* Supplied material:
================

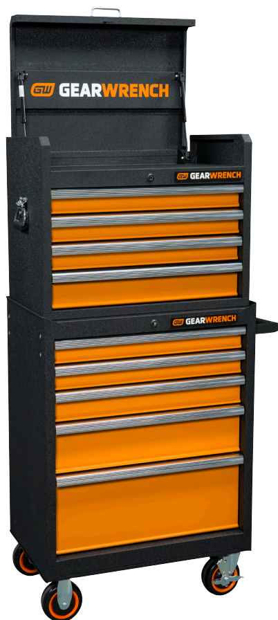
26" Chest and Cabinet Combination
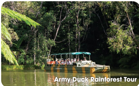
Army Duck Rainforest Tour

On arrival to Kuranda Village, wander through the shops and markets offering local handicrafts, souvenirs and gifts. A must see is the Australian Butterfly Sanctuary with a 10% discount off your entry fee.
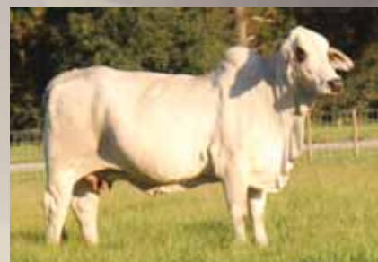
Dam, JDH Lady Calver Manso 766/3

================

* Exercise:
This task calls for an exact copy of the data above, without pictures.

* Exercise output:
26" Chest and Cabinet Combination
Army Duck Rainforest Tour

On arrival to Kuranda Village, wander through the shops and markets offering local handicrafts, souvenirs and gifts. A must see is the Australian Butterfly Sanctuary with a 10% discount off your entry fee.
Dam, JDH Lady Calver Manso 766/3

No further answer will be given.